5.1 配置测试环境 config.profile

  1. BASE="/Users/whimsycwd/Repo/ANTLR/Tiger/"
  2. export CLASSPATH=".:./lib/antlr-4.2.1-complete.jar:${BASE}lib/antlr-4.2.1-complete.jar:${BASE}classes"
  3. alias antlr4='java org.antlr.v4.Tool'
  4. alias grun='java org.antlr.v4.runtime.misc.TestRig'
  5. alias runTiger='grun Tiger program'

上述代码为Terminal配置了环境变量。只需改变BASE到实际的地址。在Terminal中source config.profile,就可以使用antlr4,grun,runTiger的指令的简称。

5.2 下载测试代码 fetch.sh

  1. URL=http://www.computing.dcu.ie/~hamilton/teaching/CA448/testcases/
  2. rm *.tig
  3. for i in {1..49}
  4. do
  5. curl -O "${URL}test${i}.tig"
  6. done
  7. for name in 'queens.tig' 'merge.tig'
  8. do
  9. curl -O "${URL}$name"
  10. done

新建文件夹testcases, 在该目录下执行上述的代码可以将测试文件批量下载下来。

5.3 编译运行 run.sh

  1. # clean the generated file and recompile
  2. # May 31,2014 whimsycwd
  3. #source config.profile
  4. rm Tiger*.java 2>/dev/null
  5. #rm Tiger*.class 2>/dev/null
  6. rm Tiger*.tokens 2>/dev/null
  7. rm ./classes/* 2>/dev/null
  8. echo "File deleted"
  9. echo "ANTLR Generating"
  10. java org.antlr.v4.Tool Tiger.g4
  11. echo "Compile Start"
  12. #javac Tiger*.java -d ./classes/
  13. javac *.java -d ./classes/

5.4 输出测试AST结果 runAllTest.sh

  1. # RUN ALL TEST
  2. # May 31, 2014 whimsycwd
  3. echo "deleting testcases-result"
  4. rm testcases-result/*
  5. for i in {1..49}
  6. do
  7. echo "test${i}.tig is processing"
  8. java org.antlr.v4.runtime.misc.TestRig Tiger program -tree "testcases/test${i}.tig" > "testcases-result/test${i}.tig.res"
  9. done
  10. for name in 'queens.tig' 'merge.tig'
  11. do
  12. echo "${name} is processing"
  13. java org.antlr.v4.runtime.misc.TestRig Tiger program -tree "testcases/${name}" > "testcases-result/${name}.res"
  14. done

新建testcases-result,利用上述代码能够批量输出测试代码到testcases-result/。
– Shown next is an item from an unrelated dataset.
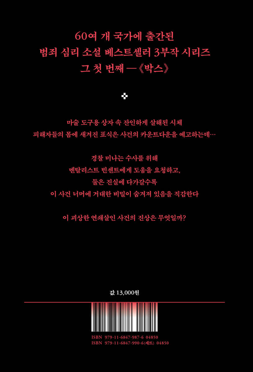 피해자들의 다리에는 수상한 로마자 숫자가 새겨져 있다… 사람 하나가 겨우 들어갈 만한 나무 소재 박스 안에서 칼에 온몸이 꿰인 시체가 발견됐다. 이 박스는 바로 ‘칼 꽂기 마술'에 쓰이는 마술용 도구. 스톡홀름 경찰서의 형사 미나는 이른바 ‘멘탈 매직'의 권위자 멘탈리스트 빈센트에게 이 끔찍한 사건의 수사를 도와 달라고 요청하지만, 빈센트의 해박한 심리학과 마술 지식으로도 수사는 미로에 갇힌 듯 보인다. 한편, 과거 자살 사건의 기록을 살펴보던 중 경찰은 두 피해자들의 몸에 동일한 방식의 로마자 숫자가 새겨져 있는 것을 발견한다. 사건이 미궁에 빠진 사이 추가 희생자가 발생하고, 그의 몸에 새겨진 또 다른 로마자 숫자를 통해 미나와 빈센트는 범인이 어떤 결말을 향해 카운트다운을 하고 있다고 확신한다. 범인이 원하는 건 대체 무엇일까? 그리고 왜 이런 일을 꾸민 걸까? 더 많은 희생자가 생기기 전에 살인범을 막아야 한다. 하지만 진실에 다가갈수록 기억 저편에서 사라진 과거의 일들이 두 사람의 발목을 잡기 시작하는데……! 범죄소설의 거장 카밀라 레크베리와 인간의 마음에 통달한 심리술사 헨리크 펙세우스가 선보이는 노르딕 느와르 올해가 가기 전 꼭 읽어야 할 스릴러 서스펜스의 거장 카밀라 레크베리와 인간 심리와 각종 최면술, 트릭 등에 통달한 심리술사 헨리크 펙세우스의 만남은 그 자체로 폭발적이다. 이 책의 주인공인 미나와 빈센트에 버금가는 조합을 보여 주는 두 사람은 치밀하게 계산된 전개 방식으로 그 어떤 추리 소설과도 다른 독창성과 스릴을 탄생시켰고, 독자들에게 전에 없던 강렬한 몰입과 긴장감을 선사한다. 노르딕 느와르의 걸작이라 불리는 《박스》, 《컬트》, 《미라지》 3부작 시리즈는 무려 60여 개국에서 출간되며 전 세계 출판계의 화제가 되었다. 특히, 시리즈의 첫 작품 《박스》는 미나와 빈센트라는 대조적인 인물들의 아슬아슬한 관계 그리고 과거와 현재를 오가는 긴장감 넘치는 전개로 독자를 단숨에 매료시킨다. 독자들은 두 남녀가 서로 부딪히고 협력하는 과정에서 형성되는 미묘한 감정의 변화를 따라가며 단순한 추리의 범주를 넘어 마술 트릭을 활용한 살인의 숨은 의미를 파헤치게 된다. 과거와 현재가 교차하는 순간마다 독자를 전율케하는 충격과 반전은 무엇일까. 자. 하나, 둘, 셋. 눈을 뜨면 당신은 이 대서사시의 첫 관문을 넘어서게 될 것이다. |

5.5 结果示例 1 testcases/test1.tig

  1. /* an array type and an array variable */
  2. let
  3. type arrtype = array of int
  4. var arr1:arrtype := arrtype [10] of 0
  5. in
  6. arr1
  7. end

代码输出了AST结果文件:testcases-result/test.tig.res。

  1. (program (exp let (decs (dec type arrtype = (ty array of (type_id int))) (dec (vardec var arr1 : (type_id arrtype) := (exp (type_id arrtype) [ (exp 10) ] of (exp 0))))) in (exps (exp (lvalue arr1))) end))

对应的图形化的结果为:

5.6 结果示例 2 mytest/error.in 错误提示和行号

  1. let
  2. var a:== 1
  3. var b:= 2
  4. in
  5. let
  6. var c := 3
  7. in
  8. d
  9. end
  10. end

代码输出结果

  1. whimsyMini:Tiger whimsycwd$ runTiger -tree error.in
  2. line 2:11 no viable alternative at input '='
  3. (program (exp let (decs (dec (vardec var a := (exp = 1))) (dec (vardec var b := (exp 2)))) in (exps (exp let (decs (dec (vardec var c := (exp 3)))) in (exps (exp (lvalue d))) end)) end))
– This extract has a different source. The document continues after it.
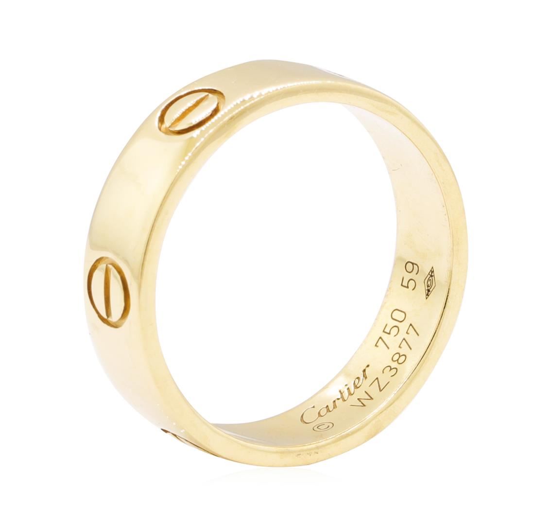 One Cartier love ring featuring: 18KT yellow gold weighing 8.5 grams. The ring is engraved with serial number WZ3877. The ring is American size 8, European size 59.

对应的图形化的结果,追到错误的地方,被高亮出来了,并且跳过继续解析。

六、变量作用域检查

为了实现变量声明的检查,两次遍历抽象语法树,第一次遍历抽象语法树,简历变量表,注意在遍历的过程中,还要考虑作用域,进入一个作用域的时候需要创建新的作用域。作用域构成一个链表,resolve一个变量的时候需要跟往上层去查找。

6.1 CheckSymbols.java

  1. ...
  2. public void process(String[] args) throws Exception {
  3. String inputFile = null;
  4. if ( args.length>0 ) inputFile = args[0];
  5. InputStream is = System.in;
  6. if ( inputFile!=null ) {
  7. is = new FileInputStream(inputFile);
  8. }
  9. ANTLRInputStream input = new ANTLRInputStream(is);
  10. TigerLexer lexer = new TigerLexer(input);
  11. CommonTokenStream tokens = new CommonTokenStream(lexer);
  12. TigerParser parser = new TigerParser(tokens);
  13. parser.setBuildParseTree(true);
  14. ParseTree tree = parser.program();
  15. ParseTreeWalker walker = new ParseTreeWalker();
  16. DefPhase def = new DefPhase();
  17. walker.walk(def, tree);
  18. // create next phase and feed symbol table info from def to ref phase
  19. RefPhase ref = new RefPhase(def.globals, def.scopes);
  20. walker.walk(ref, tree);
  21. }
  22. ...

具体的代码 CheckSymbols.java、DefPhase.java、Scope.java、BaseScope.java、GlobalScope.java、LocalScope.java、RefPhase.java。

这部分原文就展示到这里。